The statistical significance of the features described above was calculated by measuring the average and distribution of curvature along the genome, as well as CpG and repeat numbers in non-overlapping windows along the genome. These distributions were used to calculate the SD, and significant features were selected by setting a threshold on the value corresponding to 3 SD. Features with values above this threshold were collected as significant (Table 2). The z-score, calculated by subtracting the average from the peak value, and dividing by the SD, gives a measure of the statistical distance between the observed feature and the natural average, and can be expressed as a probability.

A modified Markov-chain permutation process was used to obtain permuted chromosomes that conserve dinucleotide and trinucleotide distributions; the chromosome DNA sequence was split into all dimers (in 2 phases) and all trimers (in 3 phases), and the set of dinucleotides or trinucleotides was shuffled.

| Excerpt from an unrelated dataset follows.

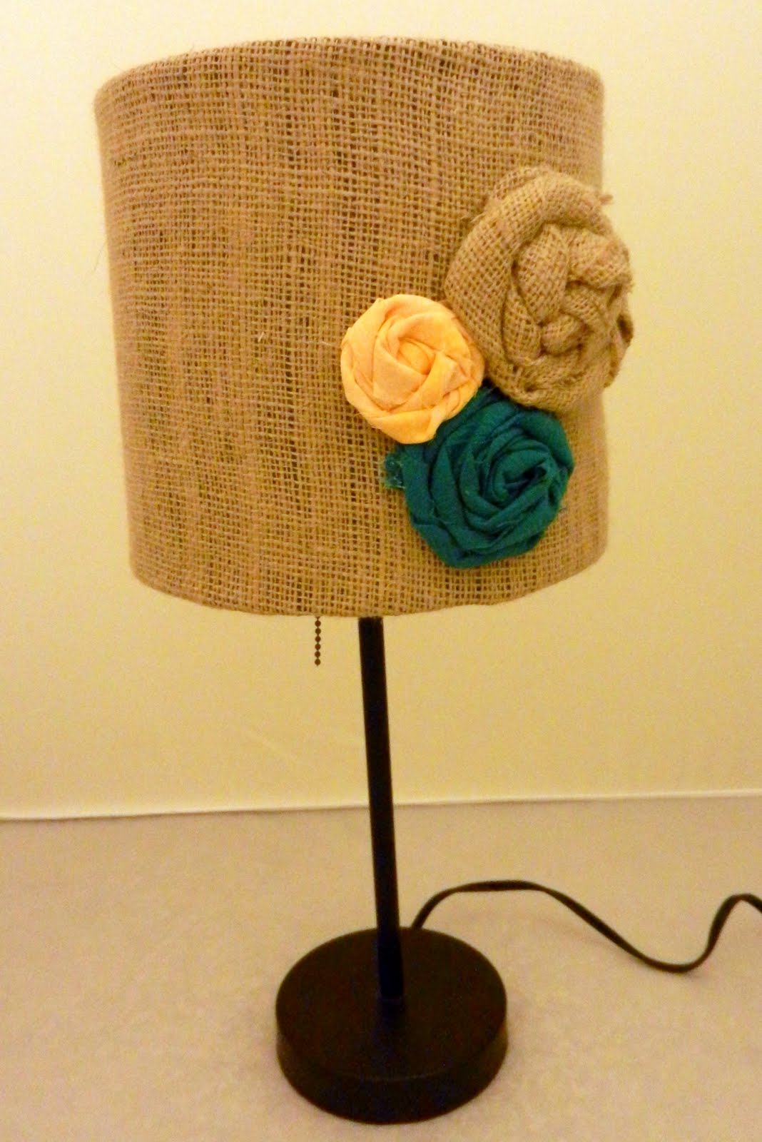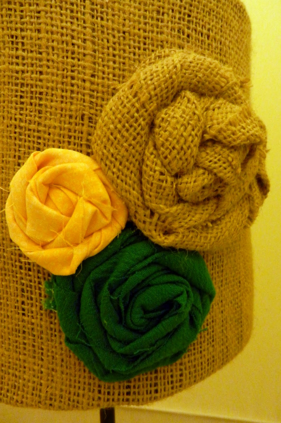 I should have done this months ago because I'm really happy with my new lamp! I used Mod Podge to cover the shade in burlap. I folded the edges over the shade and secured the burlap with my glue gun. To finish the shade, I used my glue gun to attach a few rosettes made from my scrap fabric and burlap.

The permuted chromosomes obtained in this manner were subjected to the same analysis as the natural chromosomes. No statistically significant features were identifiable in these permuted cases. In the additional file 2 "Markov-plots", figure S1 presents an overlay of curvature plots for a natural and trinucleotide-permuted chromosome.

### Integrated plotting of the curvature, repeats and CpG islands

Integrated results of the three analyses mentioned above for the 12 and 5 chromosomes of rice and Arabidopsis, respectively, were drawn in individual and combined-plots, using the freely distributed **Gnuplot** program http://www.gnuplot.info/ in individual and mixed plots based on different parameters. Perl scripts for extracting proper data from source result files and generating plots were developed in-house. Gnuplot parameters were automatically set and final plots saved in png format. The source code of all Perl scripts is freely available upon request.